In these triangles, side AB corresponds to side CD, and side BC corresponds to AD. Therefore, AB = CD and BC = AD.

Angle B corresponds to angle D, i.e. ∠B = ∠D. Angle A of a parallelogram is the sum of two angles - ∠BAC and ∠CAD. Angle C is equal to ∠BCA and ∠ACD. Since pairs of angles are equal to each other, then ∠A = ∠C.

Thus, it is proven that in a parallelogram opposite sides and angles are equal.

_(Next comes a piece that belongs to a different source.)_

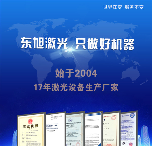 公司产品涵盖激光雕刻、激光切割、激光裁剪、激光打标、激光雕版等几大系列的激光设备,东旭激光凭借着多年的经验逐步研发了适用于各行各业的专业机型,并以其优异的配置、稳定的性能、鲜明的性价比和优质的服务,被行业内和国内外老客户所认可。公司与全国数家有实力的工艺品加工、服装制作、广告制作等公司成立了良好的合作关系,并不断优化产品功能和服务措施,力争为客户创造可靠耐用的激光加工工具和更加优质快捷的服务。本着“世界在变,服务不变”的服务宗旨,努力于激光设备制造行业。

Diagonals are divided in half

Since a parallelogram is a convex quadrilateral, it has two diagonals, and they intersect. Let parallelogram ABCD be given, its diagonals AC and BD intersect at point E. Consider the triangles ABE and CDE formed by them.

These triangles have sides AB and CD equal to the opposite sides of a parallelogram. Angle ABE is equal to angle CDE as crosswise lying with parallel lines AB and CD. For the same reason, ∠BAE = ∠DCE. This means ∆ABE = ∆CDE at two angles and the side between them.

You can also notice that angles AEB and CED are vertical and therefore also equal to each other.

Since triangles ABE and CDE are equal to each other, then all their corresponding elements are equal. Side AE ​​of the first triangle corresponds to side CE of the second, which means AE = CE. Similarly BE = DE. Each pair of equal segments constitutes a diagonal of a parallelogram. Thus it is proven that The diagonals of a parallelogram are bisected by their intersection point.